This is why the recursive patterns now mostly apply to _compilation_
of ASTs rather than their direct execution. The ASTs are compiled into
simpler-to-execute stack machine bytecode, such as in Elisp, Ruby's
YARV, Python's, etc. The compilation recursively visits all the AST's
nodes as described in the Ch. 3 treatment of compile.c and
iseq_compile_each() on p. 42. This is what the book means when it
speaks of the tight relationship between the compiler and the VM.
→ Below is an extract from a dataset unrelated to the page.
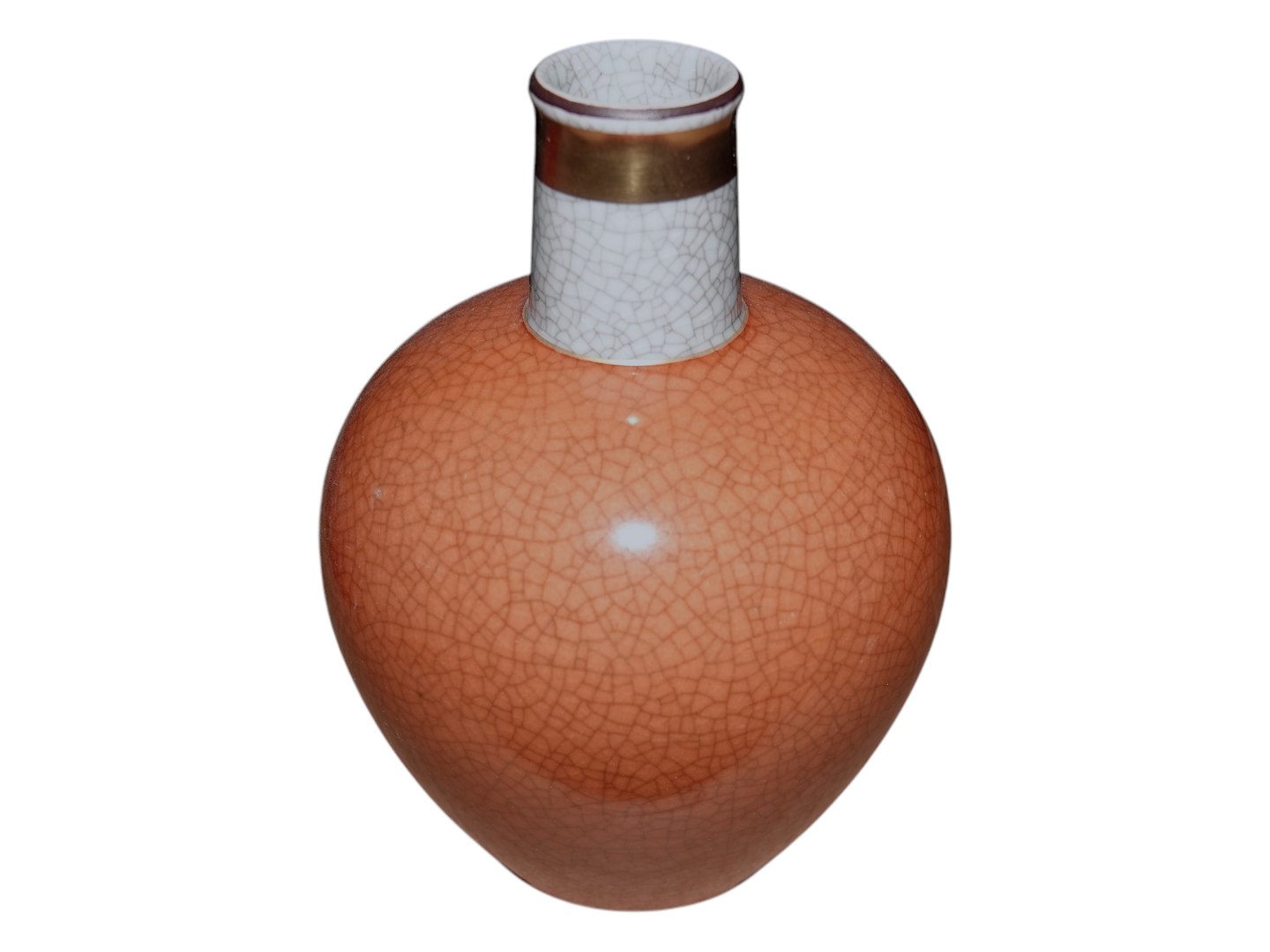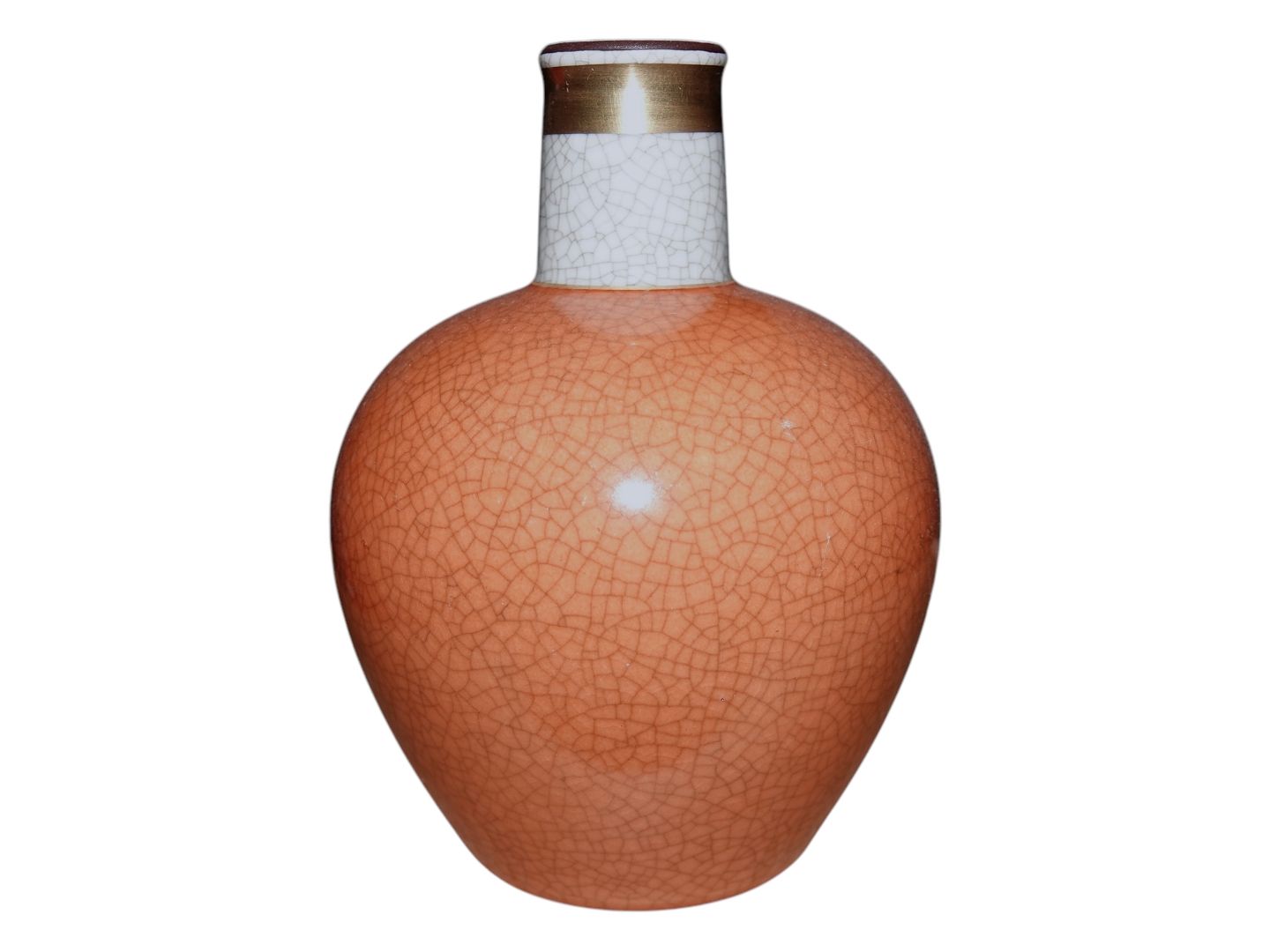 Royal Copenhagen Craquele (Krakele), lille orangerød vase.

The only hard limits here are the CPU speed at its own elementary
instructions, and---most importantly---the limits of knowledge about
values that we have at the translation time vs the run time. For
example, when we make functions the fly, like the lambdas returned by
_made-adder_ and _make-multiplier_, we *cannot* know the state (e.g.,
the values of variables) that these functions would close over---that
state will only be prepared/computed at runtime.

Thus, a major challenge of PL has been to push as much program
interpretation work as possible forward of the tight loops, to
"front-load" it to the limit of knowledge that we cannot have until
actual runtime. We compile as much of a program as possible to either
bytecode or native code, and parametrize this code with what we don't
know. 

This parametrization can take shape of referencing these
unknown-till-runtime values in some table, stack frame, or an
environment struct, where they reside at some known positions or
offsets; it can also take the shape of references-by-name in a hash
table (such as with LISP's global symbol tables for dynamic scoping).
Whatever it is, it's point is separating what we certainly know at
compile time from whatever clues the programmer provides from those
things we cannot possibly know. The bytecodes of VMs such as Elisp's,
Perl's, Python's, Ruby's, and Java's various implementations from the
stack-based JVM to the Android's register-based Dalvik and the newer
ART are really bets in this compile-vs-runtime separation and
parametrization, taken on their designers' intuition.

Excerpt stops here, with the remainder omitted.